When she realized there was nothing more she could hope to accomplish, only ground to lose, she decided to take her leave. They protested, but she sensed it was best to leave the party early, and the afternoon had gone from a business meeting over drinks to a party reaching escape velocity. Two more members of A-Game lost their shirts and the other patrons, who had previously tried to be discrete and hovered in the background, now piled into the back room.  

The sunlight was jarring as she left the bar. She made her way for the subway, but Deaver stumbled out behind her.

“Hey,” he said. “Look, I know we’re not, like, your cup of tea, but I appreciate you coming.”

She didn’t know quite how to answer. They were most assuredly not her cup of tea. They were not even the right beverage, but to say so seemed rude. But to deny it seemed even more insulting. She shrugged.

“It was fun,” she said.

She was about to turn around when he lifted his arm and moved his hand across the sky as if reading an invisible billboard.

A-GAME IS A-NEMIC.

“Huh?”

“Bentley Donns at Rolling Stone. ‘Ascent is empty calories that still manages to leave a bitter aftertaste.’ One of the best selling albums of all time and he shit all over it. Do you know how that feels?”
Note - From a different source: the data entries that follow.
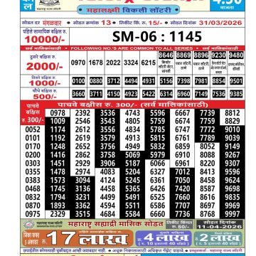 Maharashtra Sahyadri Weekly Lottery Result 10/04/26 10/04/26 Leave a Comment on Maharashtra Sahyadri Weekly Lottery Result 10/04/26 Share: XFacebookPinterestRedditVKDiggLinkedinMix Related Articles 0 168 Maharashtra Sahyadri Weekly Lottery Result 13/08/25 0 143 Maharashtra Sahyadri Weekly Lottery Result 07/08/25 0 196 Maharashtra Sahyadri Weekly Lottery Result 14/01/26 0 161 Maharashtra Sahyadri weekly lottery result 27/3/25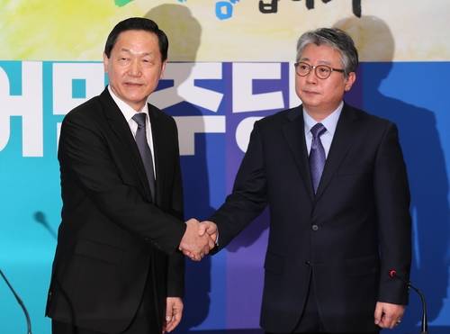 ▲조응천 전 청와대 공직기강비서관이 2일 여의도 국회 본청에서 김상곤 더불어민주당 인재영입위원장과 악수를 하고 있다. 조 전 비서관은 이날 더불어민주당에 입당하며 "정치가 희망"이라고 정계진출의 계기를 밝혔다. (사진=연합뉴스)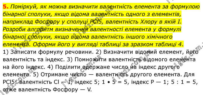 5. Поміркуй, як можна визначити валентність елемента за формулою бінарної сполуки, якщо відома валентність одного з елементів, наприклад Фосфору у сполуці РСl5, валентність Хлору в якій І. Розроби алгоритм визначення валентності елемента у формулі бінарної сполуки, якщо відома валентність іншого хімічного елемента. Оформи його у вигляді таблиці за зразком таблиці 4. 1) Записати формулу речовини. 2) Визначити відомий елемент, його валентність та індекс. 3) Помножити валентність відомого елемента на його індекс. 4) Поділити одержане число на індекс другого елемента. 5) Отримане число — валентність другого елемента. Для PCl5: валентність Cl — I, індекс 5; 1 • 5 = 5, індекс P — 1; 5 : 1 = 5, отже валентність Фосфору — V.
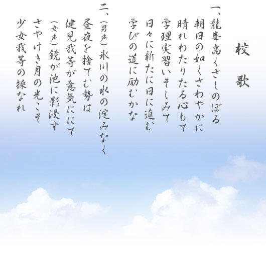 ダウンロード後、お聞きください。 ⇒ 校歌をダウンロード

Maybe not at that dosage, she had to admit, but she was familiar with that particular brand of critical medicine.

“Look,” said Deaver. “I get that some people are always going to hate us. We’re not even looking to have, like, the last word on the subject. We just want one more word, you know?”

He stood on the sidewalk, looking at her with those same doleful eyes that stared out from the posters at teenaged girls across America once upon a time, bewitching them, making them feel like they were searching for only her, making her want to find him, rescue him, bring him home and prop him on pillows and wrap him in blankets and mend his broken heart.            

Look away, thought Corey. Do not feel sorry for the boy band.